CZE2020 <- ggplot(dataset %>% filter(Country == "CZE", Year == 2020), 
                  aes(Industry, Profit, fill = Industry)) +
  geom_bar(stat = "summary", fun.y = "mean") +
  labs(title = "CZE2020", x = "") + 
  scale_fill_brewer(palette = "Set2") +
  ylim(0, 100000) +
  theme(axis.title.x=element_blank(),
        axis.text.x=element_blank(),
        axis.ticks.x=element_blank())

# Plotting all graphs together
library(patchwork)
(NED2019 + NED2020) / (CZE2019 + CZE2020)

  1. Developments in CZE are in line with expectations. But how do you explain that profits in the NED are higher in 2020 than in 2019 (except for manufacturing)?

Well, this is a good research question.

To answer it, a researcher should:

  • clearly identify the contribution of examining this question

  • review the relevant literature and develop a theory explaining the determinants of the heterogeneity of the impacts

  • formulate variables for the empirical model

  • to test the theory and compare the results with expectations and other relevant studies

5 Practice (the R-basics)

The following section provides the answers to the questions, but does not provide the code. It is up to you to develop it. Please note that there may be more ways to find the answer.
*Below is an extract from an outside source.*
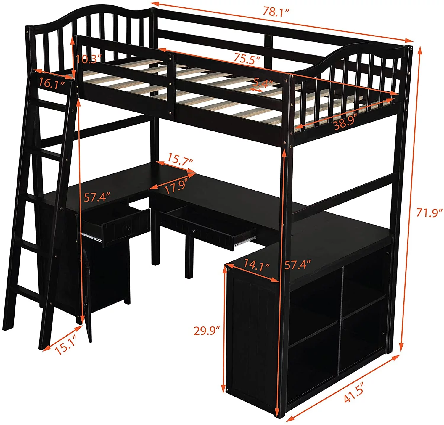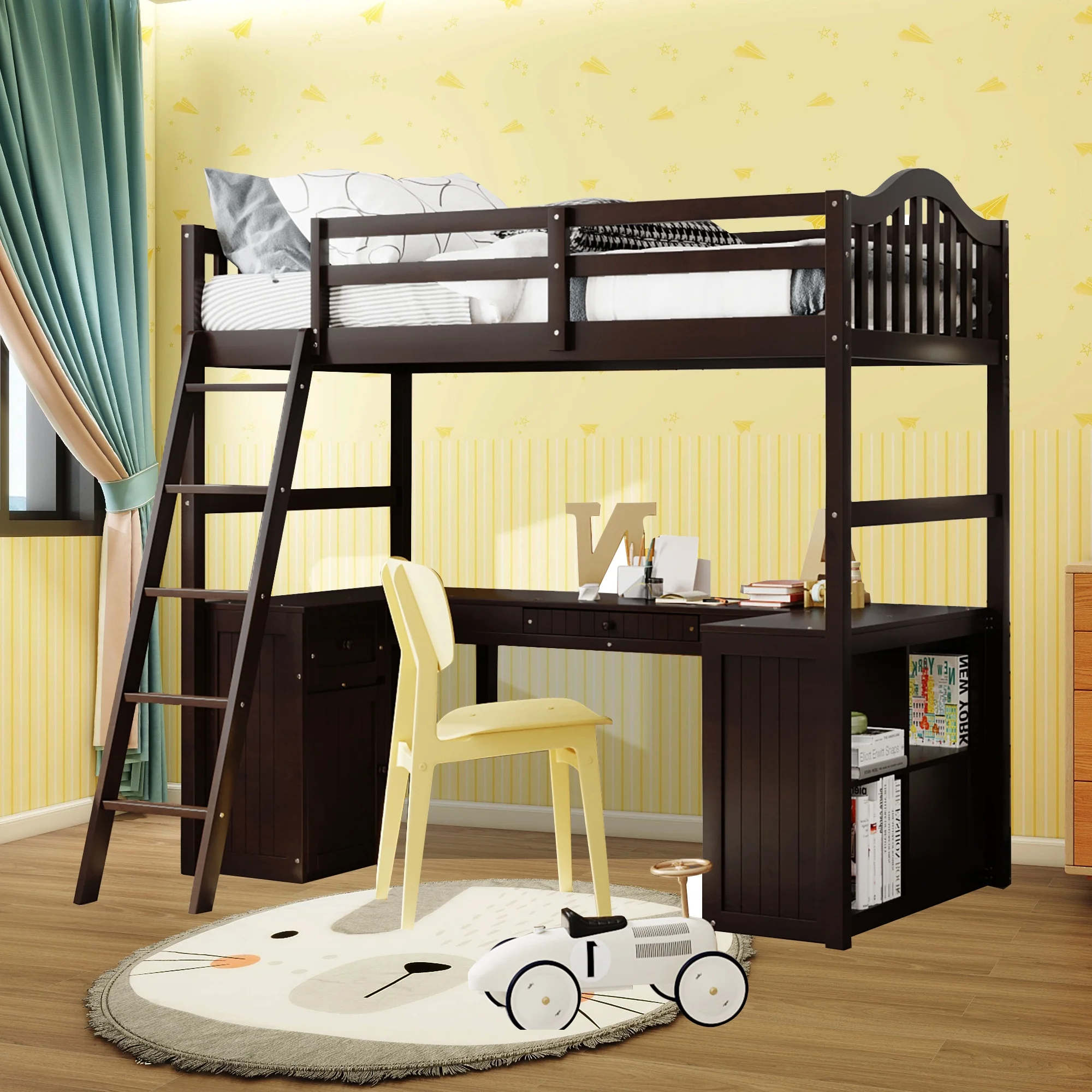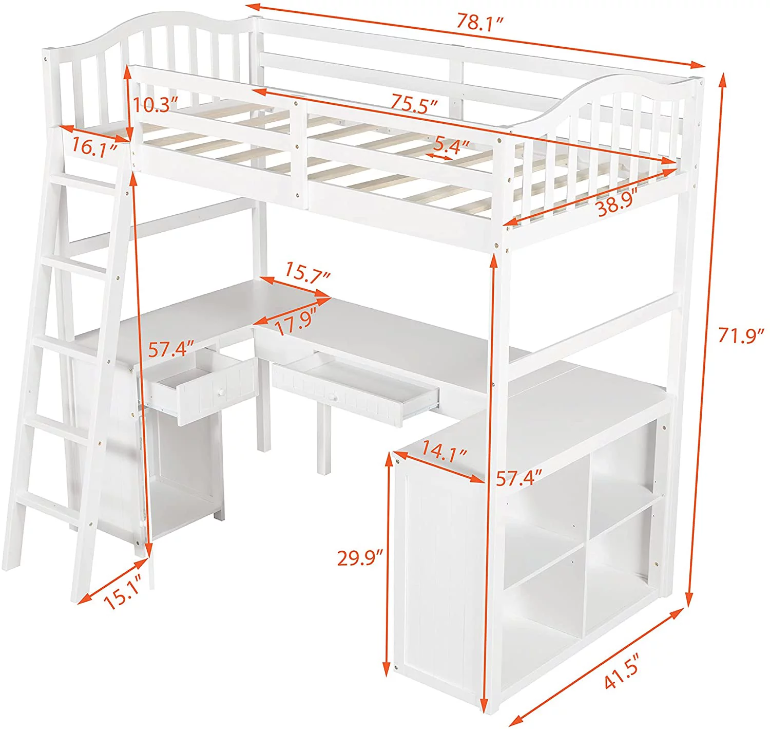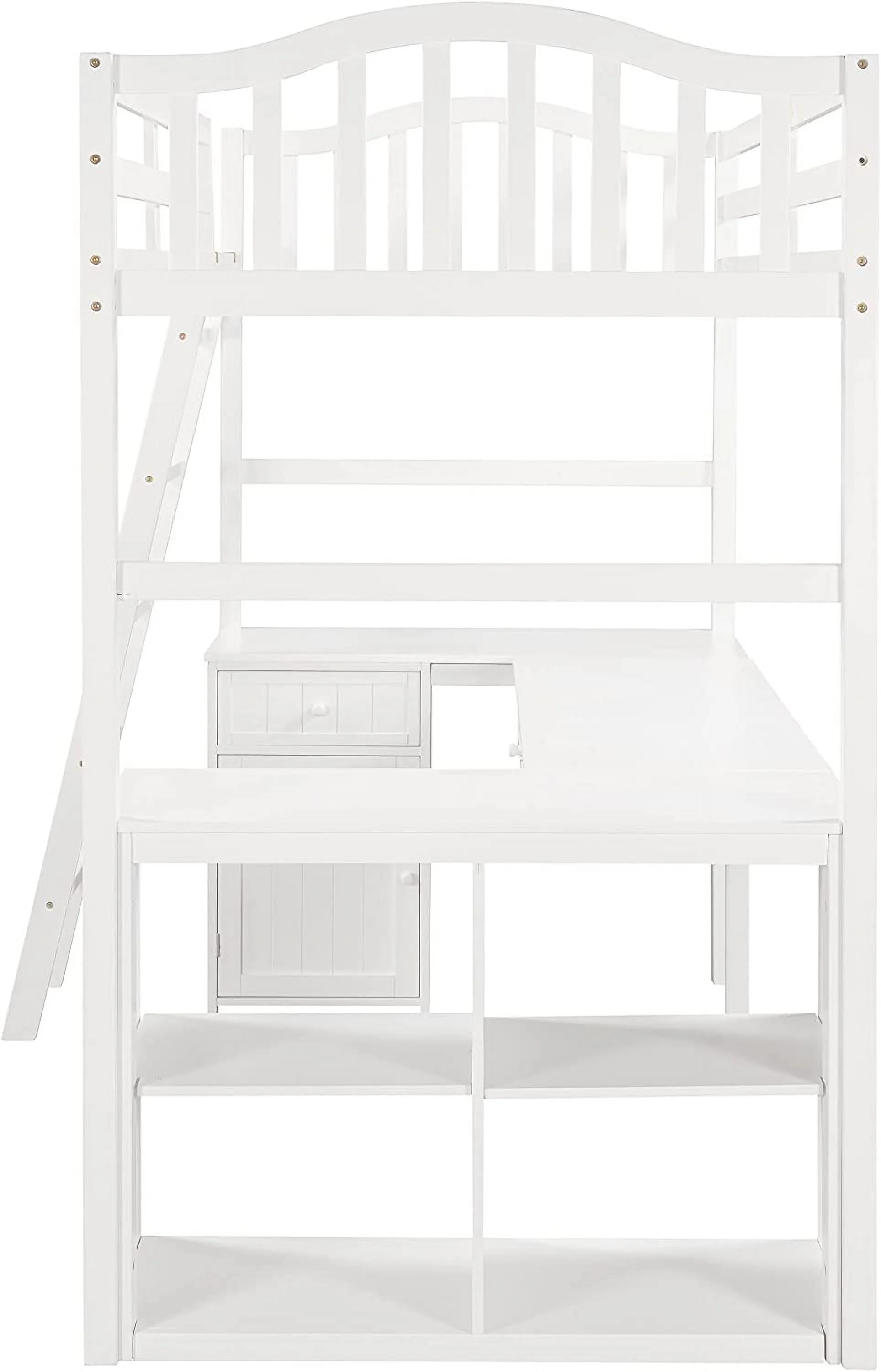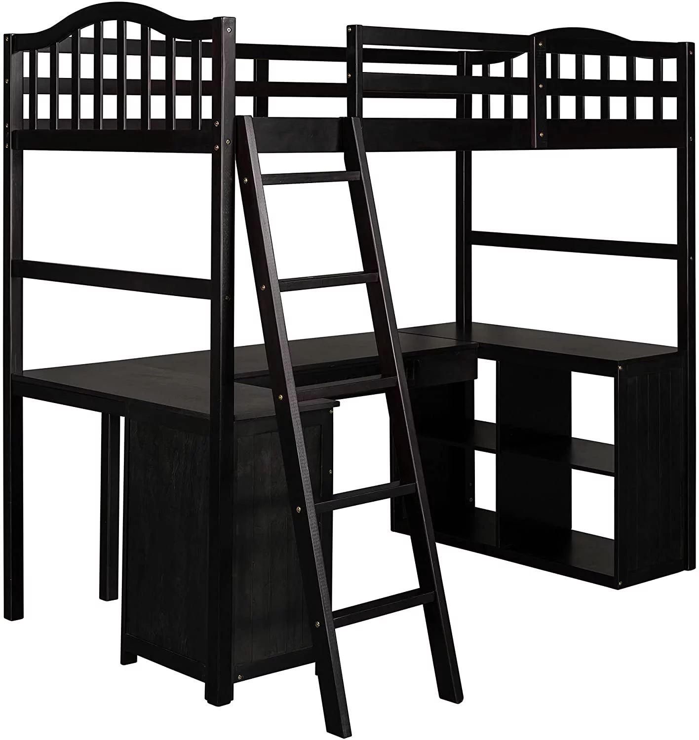 Twin Loft Bed with Desk Bookcase Storage Cabinet, Solid Wood Slat Bed Frame with Writing Board Ladder for Child Kids Teens

  1. What is the minimum for Revenue?
## [1] 107043
  1. What is the standard deviation for Revenue in SWE?
## [1] 160171.4
  1. What is the difference between the minimum and maximum ESG score in NED?
##    vars   n  mean   sd median trimmed   mad min max range skew kurtosis   se
## X1    1 108 48.66 15.9     47   47.86 13.34  16  95    79 0.46      0.2 1.53
## [1] 79
  1. Visualise the development of ESG in SWE over time graphically

  2. What is the difference between 2020 and 2019 Profit in ESP?

## [1] 20768.58
  1. Is the increase in the 2020 Profit in ESP (compared to 2019) statistically significant?
## 
##  Wilcoxon signed rank exact test
## 
## data:  ESPP2019$Profit and ESPP2020$Profit
## V = 21, p-value = 0.1763
## alternative hypothesis: true location shift is not equal to 0
  1. What is the relation between Orders and Profit (with a cross-country and cross-industry breakdown)?

  2. How strong is the association between Orders and Profit (separately for each country and industry)?